While producers are victimized and harassed, what about Venezuelan consumers?  Venezuelan shoppers face shortage after shortage. They line up in Caracas in the wee hours of the morning, standing in a line in front of the state-run grocery stores hoping that they will get something (almost anything) before the meager supply runs out. The government now requires registration with identity cards and fingerprinting in order to shop, all this to prevent "hoarding." The Economist reports that national guardsmen, fully armed, recently stopped a pregnant woman from shopping because it is not her designated day under the strict rationing rules. In the same article, The Economist says that the empty shelves in Venezuela are eerily reminiscent of the same empty shelves in Robert Mugabe's claimed socialist paradise, Zimbabwe. Precisely so. Economic laws know no borders. They are not respecters of the empty claims of socialist politicians.

At the very beginning of the increase of price regulation in 2011, Karlin Granadillo, head of the Venezuelan price control agency, proudly proclaimed: "The law of supply and demand is a lie." Events have confirmed the utter foolishness of such a socialist edict.

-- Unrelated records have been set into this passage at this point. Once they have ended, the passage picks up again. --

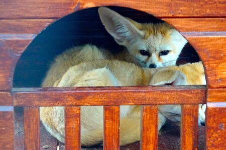 Two small desert fennec foxes with large ears lie in a house in the zoo. Animals.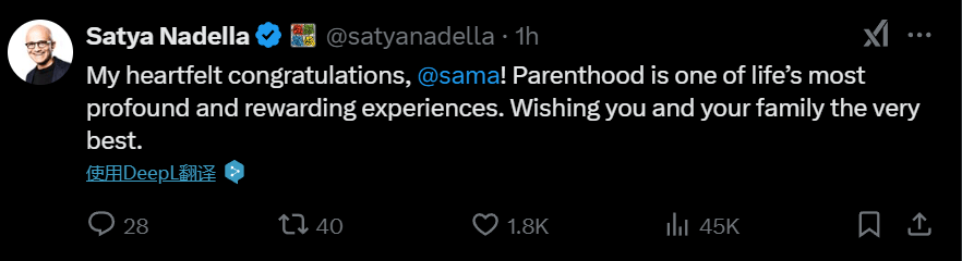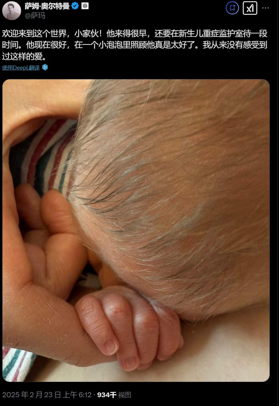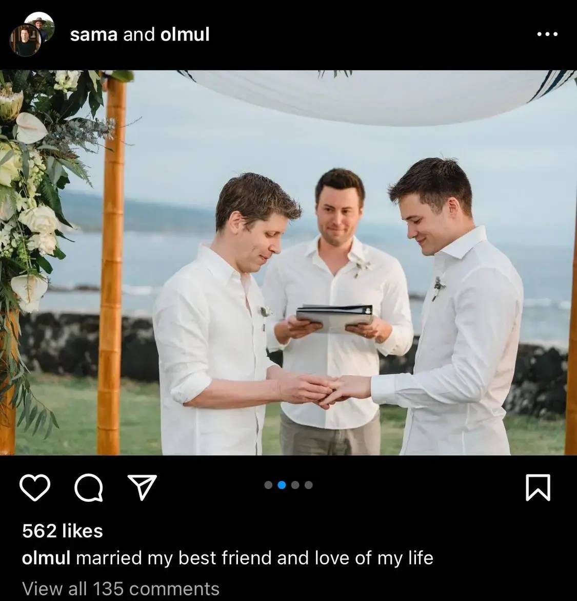 凤凰网科技讯 (作者/陈俊熹)2月23日,OpenAI创始人山姆・奥特曼在X平台上发布他刚出生孩子的照片。他说:“欢迎来到这个世界,小家伙!我从来没有感受过这样的爱。” 奥特曼十七岁时出柜为男同性恋,2024年1月,他和软件工程师奥利弗・马尔赫林以犹太礼仪方式结婚。马尔赫林曾是Meta AI部门加州总部的软件工程师,专业领域涉及人工智能与软件开发。有报道称,马尔赫林自2019年起就与奥尔特曼交往,他们平日住在加州旧金山。 婚礼现场照片 网友在评论区与奥特曼开起了玩笑。有网友说:“我以为你是同性恋,这个孩子是买的吗?” 还有网友回复称:“是的,你可以在ali express(国际版淘宝)上买到他们。” 还有网友问:“他什么时候能写prompt?” 当然,除了少部分善意的玩笑之外,许多人为奥特曼送上了祝福,比如微软CEO纳德拉:“衷心祝贺你,山姆!为人父母是人生中最深刻、最有意义的经历之一。祝你和你的家人一切顺利。” (责任编辑:张晓波 )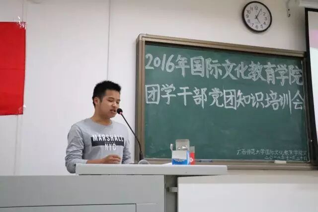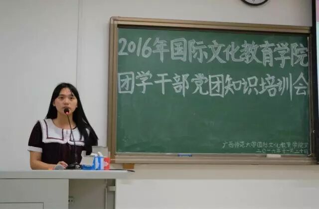 2016年11月20日下午,国际文化教育学院分团委学生会在理科楼201教室召开了2016年广西师范大学国际文化教育学院团学干部党团知识培训会暨分团委学生会与新媒体中心工作总结大会,国际文化教育学院2014、15、16级各支部团支书、组织委员、宣传委员和国际文化教育学院分团委学生会及新媒体中心全体成员聆听聆听了这次大会。其中,国际文化教育学院分团委书记蒋潇潇老师和国际文化教育学院学生党支部凌彩连学姐也到场参加了这次大会。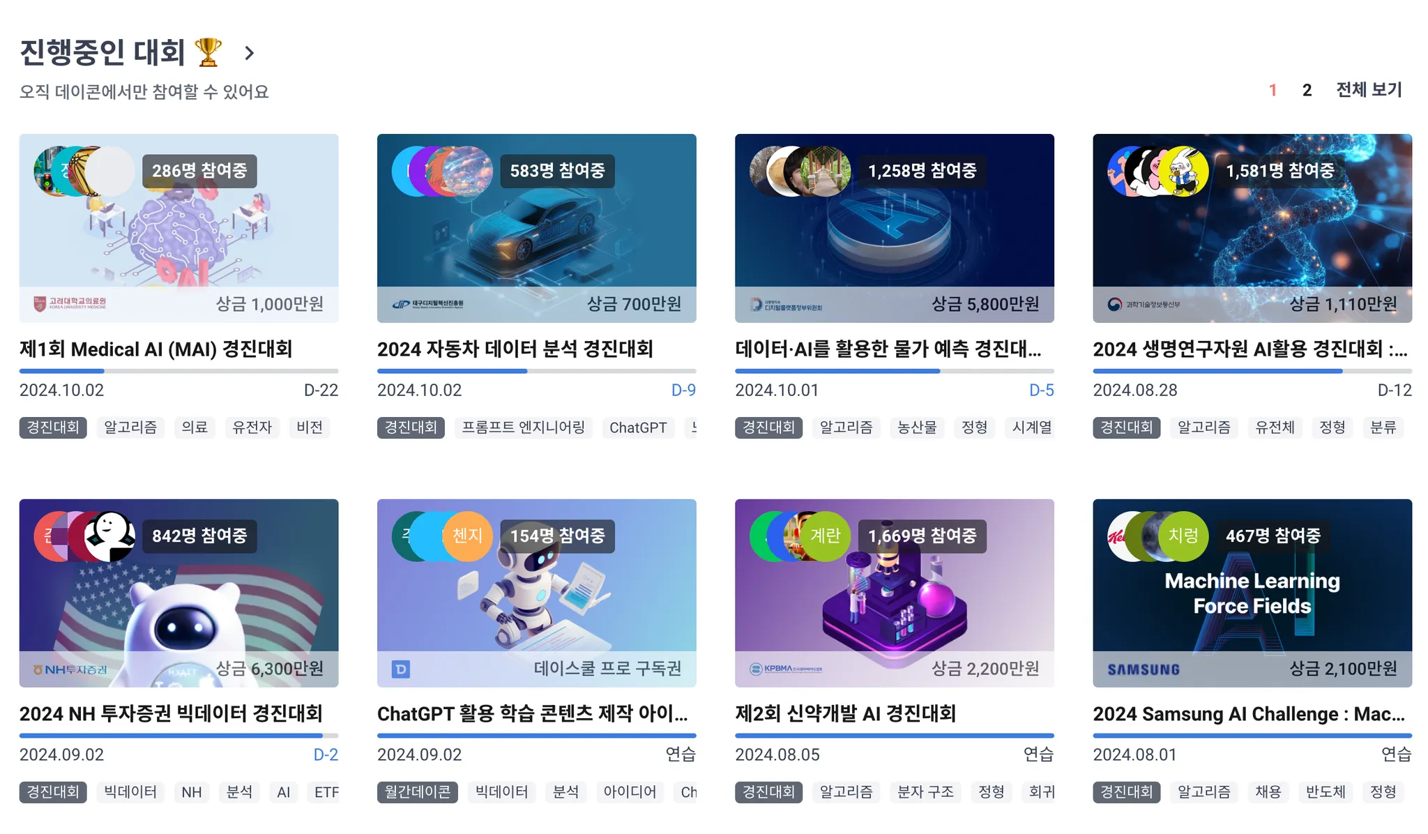Kaggle이 세계적인 ML/AI 경진 플랫폼이라면 우리나라에는 데이콘이 있습니다

Would that Venezuela had a leader who would courageously exclaim to the current President: "Abolish these controls Mr. Maduro! Repeal them for the sake of your fellow citizens!"

Dr. John A. Sparks is the retired dean of Arts & Letters at Grove City College and a fellow for The Center for Vision & Values. He is a graduate of the University of Michigan Law School and a member of the State Bar of Pennsylvania. He is a frequent contributor of articles based upon U.S. Supreme Court developments.